Cresce área com floresta plantada

É cada vez maior o número de produtores rurais interessados em plantar florestas em parceria com empresas, por meio de programas de fomento. Por esses programas, o produtor não precisa ter conhecimento do manejo da planta e a empresa ainda paga pelo arrendamento da terra. Segundo a Associação Brasileira de Produtores de Florestas Plantadas (Abraf), em 2005, a área fomentada por empresas no País era de 258 mil hectares; em 2006, passou para 322 mil hectares e, no ano passado, chegou a 380 mil hectares.

Muda de Pinheiro em tubete

É cada vez maior o número de produtores rurais interessados em plantar florestas em parceria com empresas, por meio de programas de fomento. Por esses programas, o produtor não precisa ter conhecimento do manejo da planta e a empresa ainda paga pelo arrendamento da terra. Segundo a Associação Brasileira de Produtores de Florestas Plantadas (Abraf), em 2005, a área fomentada por empresas no País era de 258 mil hectares; em 2006, passou para 322 mil hectares e, no ano passado, chegou a 380 mil hectares.


As áreas de florestas plantadas com eucalipto e pinus no Brasil totalizaram, em 2007, 5.560.203 hectares, um crescimento de 186.786 hectares em relação a 2006. De 2005 a 2007, houve incremento na área plantada de 318.428 hectares. O produtor José Eduardo de Oliveira, de Itu (SP), conta que soube do programa de fomento pelo rádio. “Fui atrás, pois não estava lucrando com a pecuária. Fizemos reuniões, eles visitaram a propriedade e fechamos contrato em abril.”

PAGAMENTO MENSAL

Da área de 360 hectares, foram plantados 223,5 hectares de eucalipto. Pelo contrato, com duração de 14 anos, o primeiro e o segundo cortes são da empresa. O produtor recebe R$ 495/hectare/ano pelo arrendamento. “O valor é anual, mas recebemos mensalmente.”

No 14º ano, ele decide se quer renovar o contrato. “Até lá, vou saber se é melhor tocar o plantio por conta própria ou manter a parceria.” O custo médio de produção do eucalipto está estimado em R$ 4 mil/hectare, nos primeiros sete anos. Para Oliveira, o fomento é interessante sobretudo para quem não tem conhecimento sobre o plantio, nem capital. Outra vantagem é a flexibilidade. “Não preciso estar lá todo dia.”

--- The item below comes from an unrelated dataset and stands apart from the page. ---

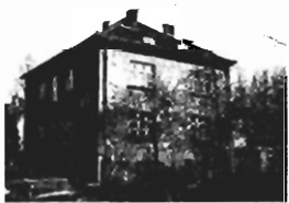
Olsza - 400 m 2 , 9 a, cena 180.000 zł, 3/4 udziału

Antes de optar pela parceria, Oliveira comparou o custo-benefício de eucalipto, cana, pecuária, milho e soja. Ele mantém o gado de corte em outra fazenda e se anima com a possibilidade de, após dois anos, retomar a pecuária na área de eucalipto. “O dinheiro do eucalipto invisto na pecuária.”

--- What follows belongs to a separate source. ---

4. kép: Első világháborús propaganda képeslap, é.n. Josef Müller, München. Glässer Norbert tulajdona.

Também criador de gado de corte, o produtor Dirceu Franco de Almeida, de Anhembi (SP), investiu, há dois anos, na parceria com uma empresa para o plantio de florestas. Em área de 560 hectares, 192 hectares foram ocupados com eucalipto. “Tinha 500 cabeças de gado,sem lucrar. Plantei cana e laranja, mas não compensou. Como o eucalipto estava chegando à região, procurei a empresa”, diz Almeida, que ainda destina 220 hectares para fazer engorda de 400 cabeças de gado.

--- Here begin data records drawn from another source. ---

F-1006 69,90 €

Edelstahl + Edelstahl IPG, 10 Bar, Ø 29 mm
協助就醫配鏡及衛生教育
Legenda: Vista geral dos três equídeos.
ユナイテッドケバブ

Segundo Almeida, o contrato é de parceria rural, o que significa que o produtor, sem experiência na atividade, entra com a terra e a empresa maneja a área. “Como não tinha capital, optei pelo arrendamento. O dinheiro, invisto na pecuária.” Pelo contrato, ele recebe R$ 415/hectare/ano.

ESTABILIDADE

Parceiro de uma empresa há 16 anos, o produtor Leodônio Costa Ferreira, de Mucuri (BA), diz que a principal vantagem do fomento é a estabilidade. “Tudo é combinado por contrato. O produtor sabe que terá mercado”, diz Costa, que tem 320 hectares de eucalipto. Pela parceria, o produtor entra com a terra e a empresa faz o levantamento topográfico da propriedade, análise de solo, aplicação de calcário, adubação, controle de pragas, fornece mudas, paga o transporte dos insumos e dá assistência técnica. “Eu pago o que foi gasto na instalação da cultura em madeira, pelo preço de mercado”, diz. “O contrato dura de 7 a 14 anos.”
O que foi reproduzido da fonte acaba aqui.